# [EXERCISE PROMPT]
The records that follow are to be reproduced exactly. Any pictures in them are left out.

# [MATERIAL FOR THIS TASK]

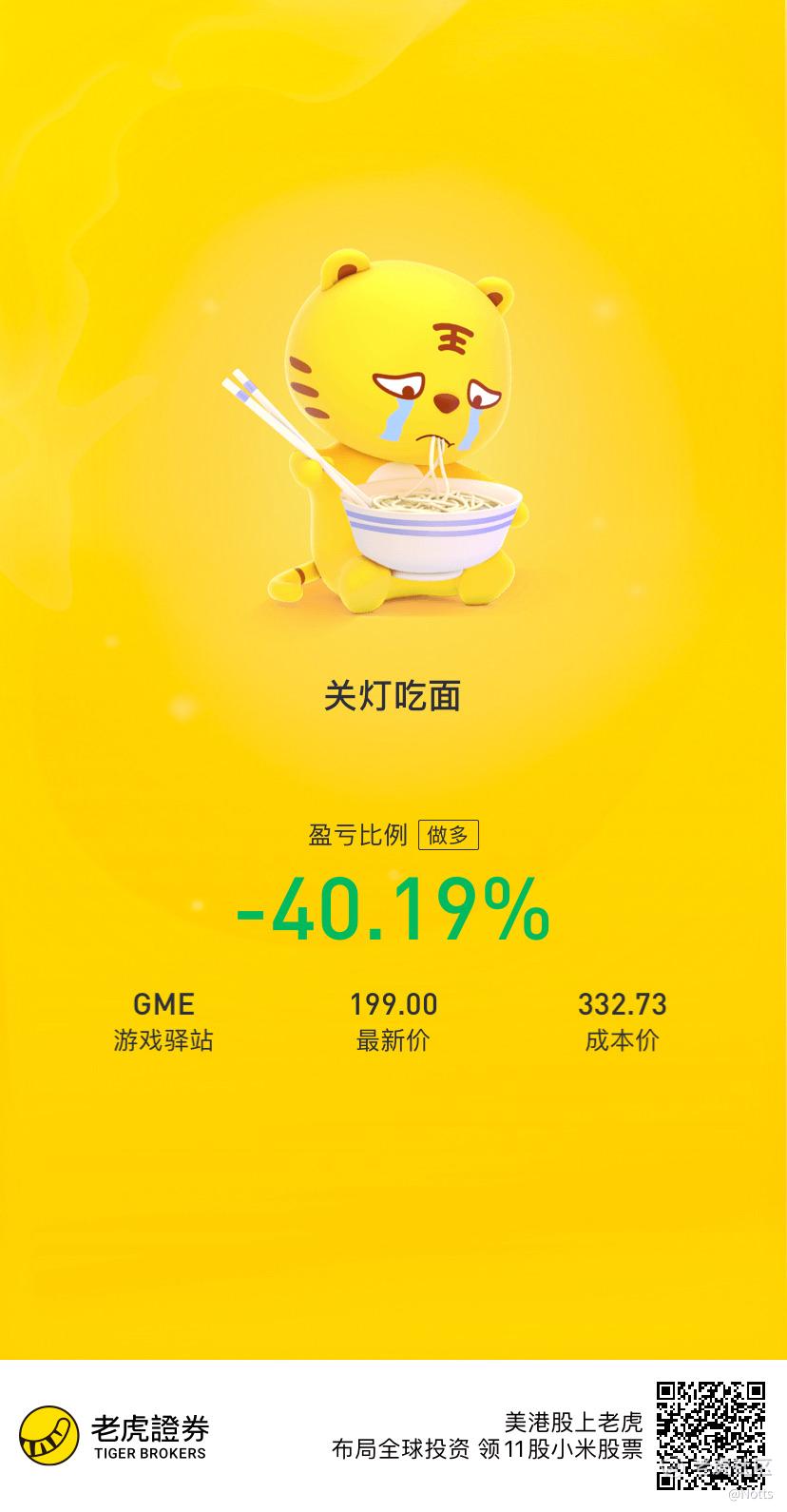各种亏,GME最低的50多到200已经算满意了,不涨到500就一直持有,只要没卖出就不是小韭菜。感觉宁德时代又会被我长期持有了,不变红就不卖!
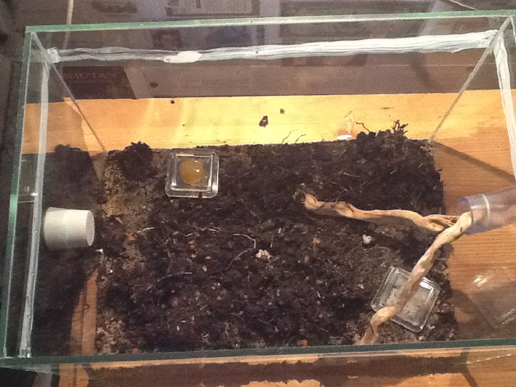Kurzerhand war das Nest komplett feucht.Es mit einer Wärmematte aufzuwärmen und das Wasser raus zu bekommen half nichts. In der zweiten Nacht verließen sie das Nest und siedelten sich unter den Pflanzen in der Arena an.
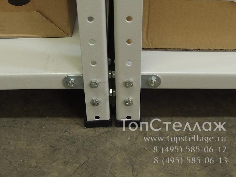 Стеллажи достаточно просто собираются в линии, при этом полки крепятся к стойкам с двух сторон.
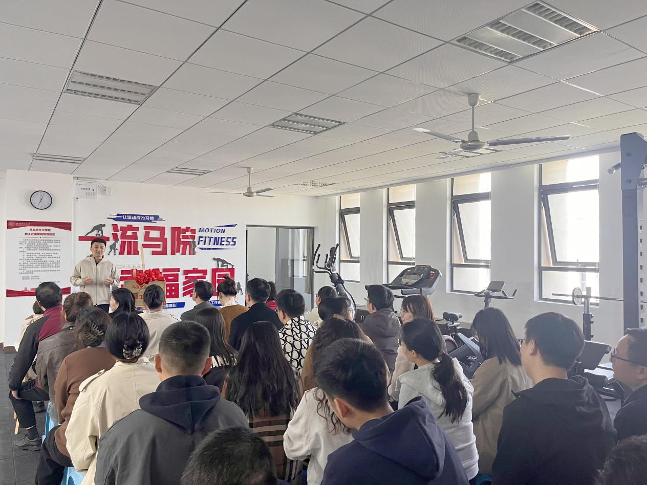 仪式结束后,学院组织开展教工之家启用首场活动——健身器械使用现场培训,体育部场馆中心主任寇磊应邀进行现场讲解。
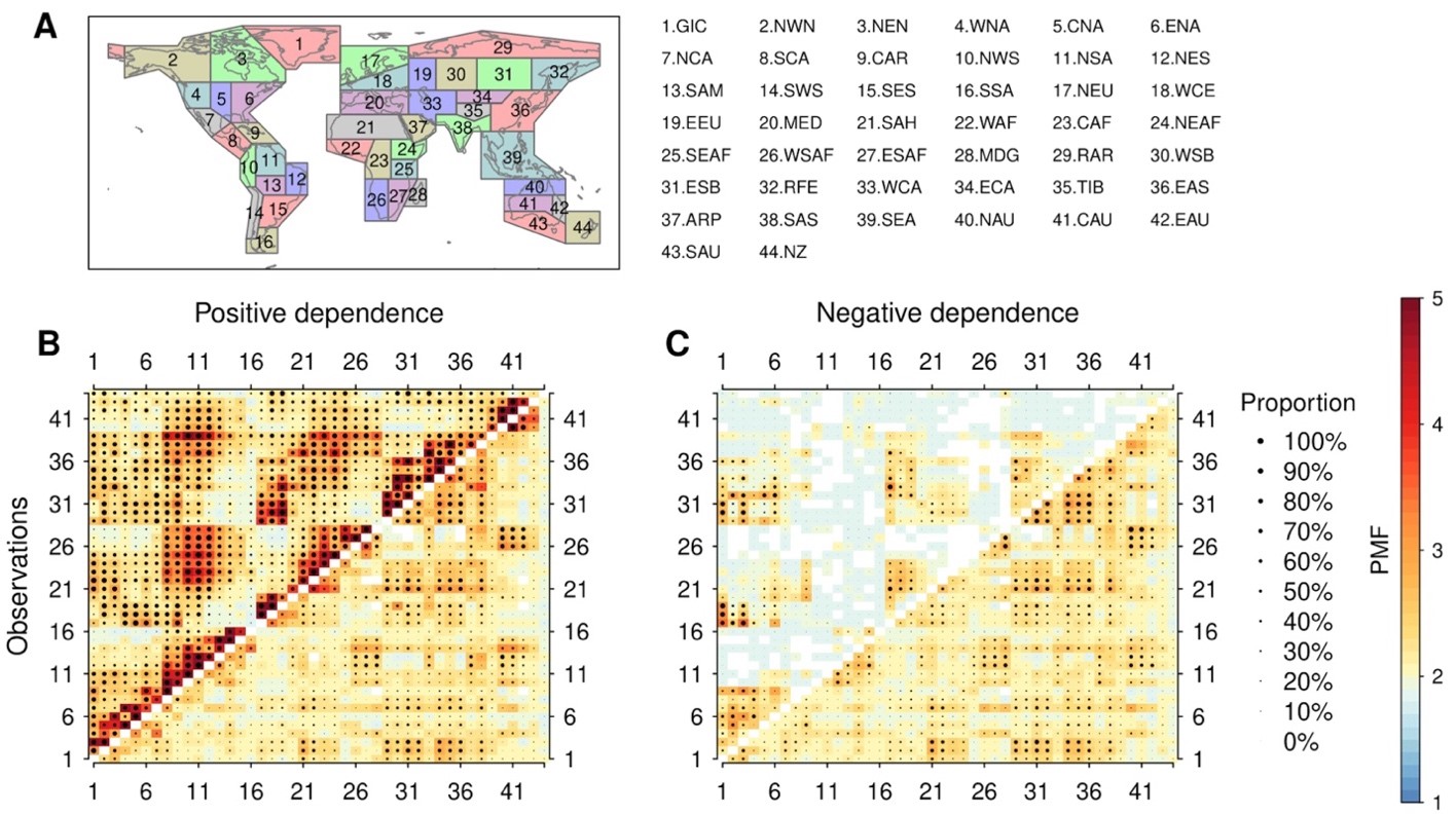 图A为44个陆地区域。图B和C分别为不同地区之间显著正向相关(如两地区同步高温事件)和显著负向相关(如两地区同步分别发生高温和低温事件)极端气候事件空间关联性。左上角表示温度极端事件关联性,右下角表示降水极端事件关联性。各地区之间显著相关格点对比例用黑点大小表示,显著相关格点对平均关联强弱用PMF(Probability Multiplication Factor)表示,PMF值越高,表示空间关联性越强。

# [RESPONSE BOX]
各种亏,GME最低的50多到200已经算满意了,不涨到500就一直持有,只要没卖出就不是小韭菜。感觉宁德时代又会被我长期持有了,不变红就不卖!
Kurzerhand war das Nest komplett feucht.Es mit einer Wärmematte aufzuwärmen und das Wasser raus zu bekommen half nichts. In der zweiten Nacht verließen sie das Nest und siedelten sich unter den Pflanzen in der Arena an.
 Стеллажи достаточно просто собираются в линии, при этом полки крепятся к стойкам с двух сторон.
 仪式结束后,学院组织开展教工之家启用首场活动——健身器械使用现场培训,体育部场馆中心主任寇磊应邀进行现场讲解。
 图A为44个陆地区域。图B和C分别为不同地区之间显著正向相关(如两地区同步高温事件)和显著负向相关(如两地区同步分别发生高温和低温事件)极端气候事件空间关联性。左上角表示温度极端事件关联性,右下角表示降水极端事件关联性。各地区之间显著相关格点对比例用黑点大小表示,显著相关格点对平均关联强弱用PMF(Probability Multiplication Factor)表示,PMF值越高,表示空间关联性越强。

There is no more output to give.